• [What is needed] Only the text belongs in the copy. Transcribe the data exactly and drop any pictures.

• [Data shown]
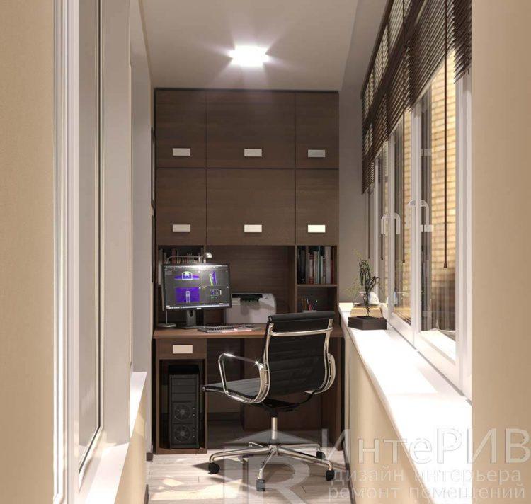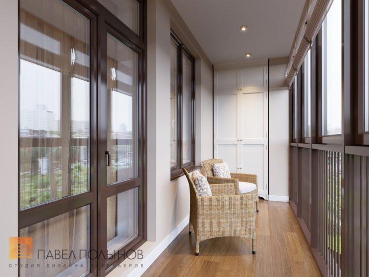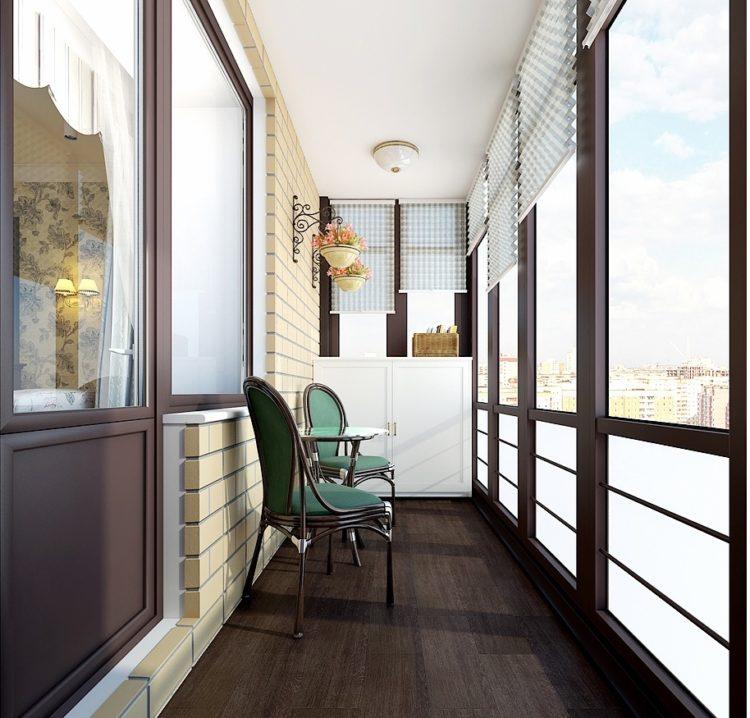 En color marrón, a menudo no solo se lleva a cabo la organización interna de la habitación, sino también la decoración del balcón desde el exterior.
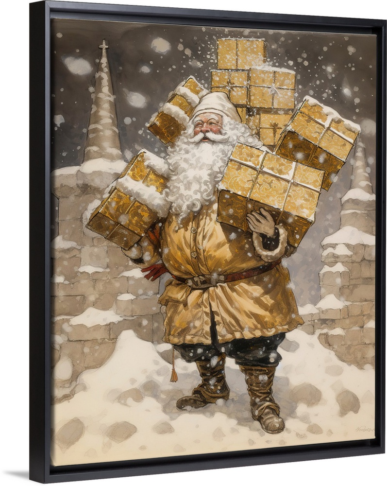 Contemporary Art White and Gold Holiday Art Holidays Christmas Santa Claus Imagine It Images Painting People
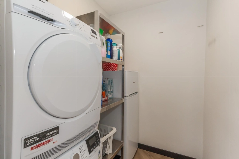 Op de overloop vindt u de luxe afgewerkte toiletruimte, een vast kast met uitgebreide meterkast en opstelplaats voor de CV. Om de hoek is een aparte wasruimte met opstelplaats voor de wasmachine en droger.
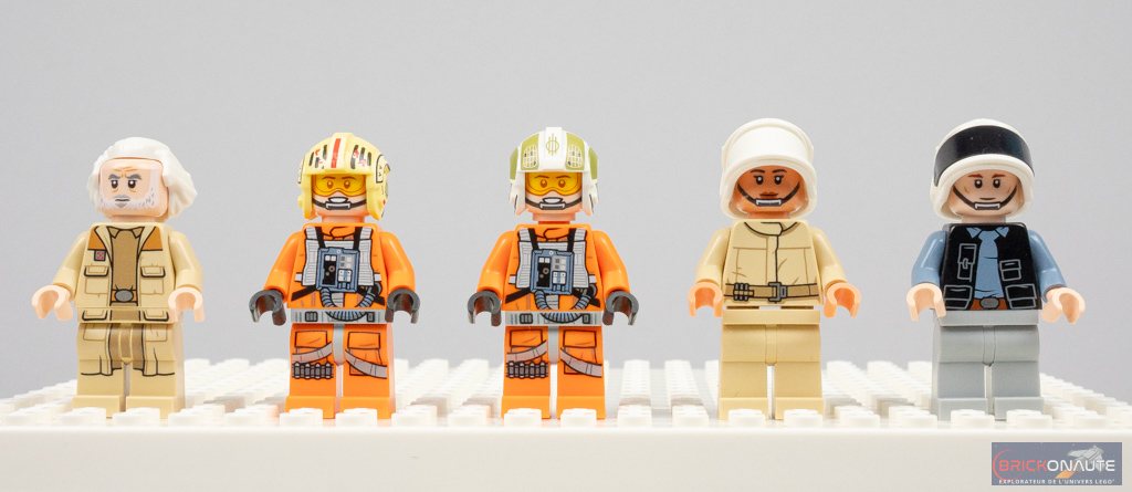 Le Général Dordonna est proposé dans une tenue identique à celle vue dans le set 75301 Luke Skywalker’s X-Wing Fighter, et les deux pilotes Garven Dreis (Red Leader) et Jon Vander (Gold Leader) portent la même combinaison que Luke dans les sets 75301 Luke Skywalker X-wing Fighter et 75313 AT-AT, mais leurs deux casques sont inédits et superbement tampographiés. Les deux derniers personnages sont des membres d’équipage dans des tenues inédites avec un rebel fleet trooper et un rebel crew anonymes.
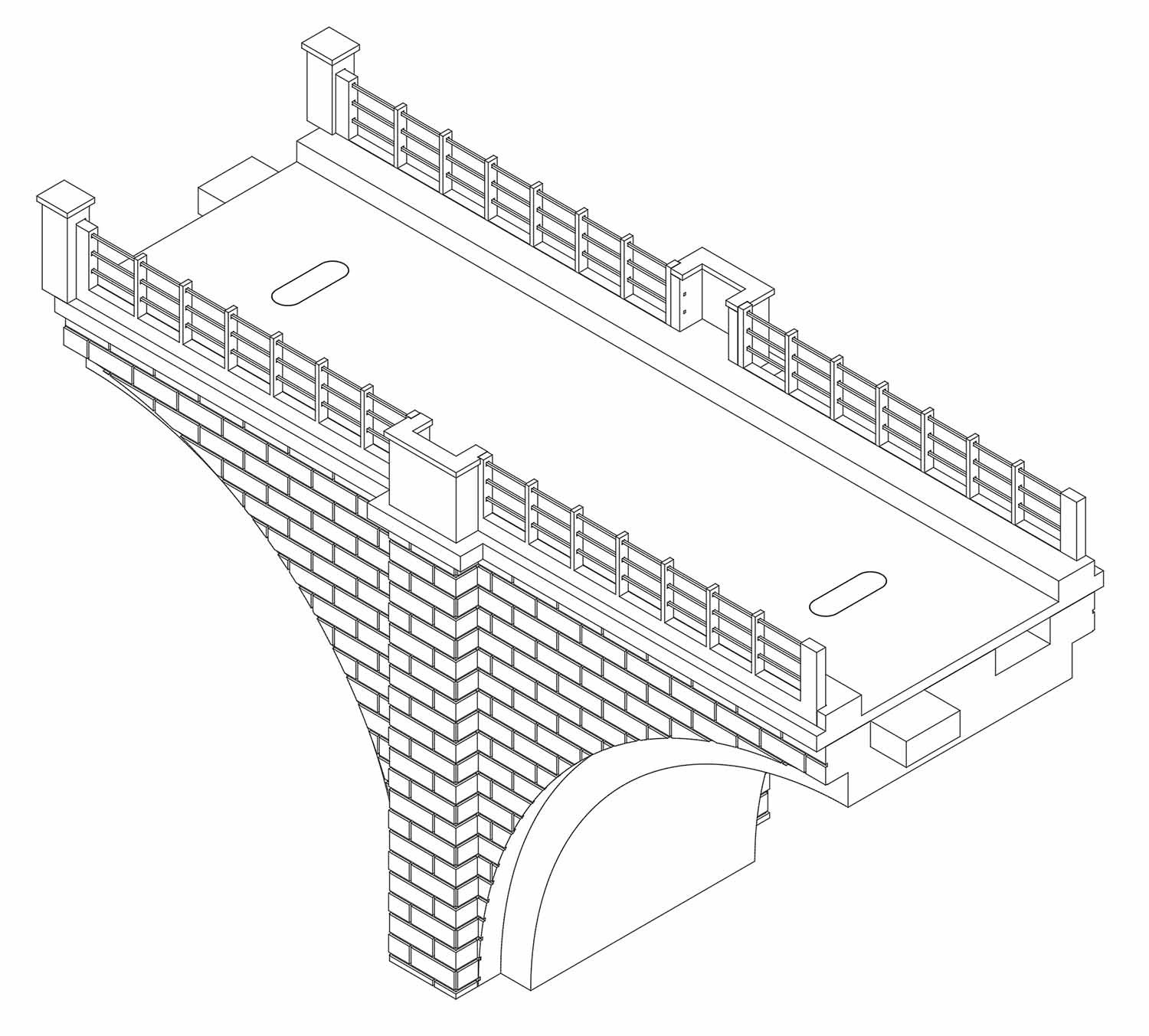 Riproduzione in scala H0 (1:87), di una ringhiera alternativa per l'arcata grande del ponte in muratura, adatta sia al ponte a singolo binario (codice iniziale 1007) che al ponte a doppio binario (codice iniziale 1008).

• [Output of the exercise]
 En color marrón, a menudo no solo se lleva a cabo la organización interna de la habitación, sino también la decoración del balcón desde el exterior.
 Contemporary Art White and Gold Holiday Art Holidays Christmas Santa Claus Imagine It Images Painting People
 Op de overloop vindt u de luxe afgewerkte toiletruimte, een vast kast met uitgebreide meterkast en opstelplaats voor de CV. Om de hoek is een aparte wasruimte met opstelplaats voor de wasmachine en droger.
 Le Général Dordonna est proposé dans une tenue identique à celle vue dans le set 75301 Luke Skywalker’s X-Wing Fighter, et les deux pilotes Garven Dreis (Red Leader) et Jon Vander (Gold Leader) portent la même combinaison que Luke dans les sets 75301 Luke Skywalker X-wing Fighter et 75313 AT-AT, mais leurs deux casques sont inédits et superbement tampographiés. Les deux derniers personnages sont des membres d’équipage dans des tenues inédites avec un rebel fleet trooper et un rebel crew anonymes.
 Riproduzione in scala H0 (1:87), di una ringhiera alternativa per l'arcata grande del ponte in muratura, adatta sia al ponte a singolo binario (codice iniziale 1007) che al ponte a doppio binario (codice iniziale 1008).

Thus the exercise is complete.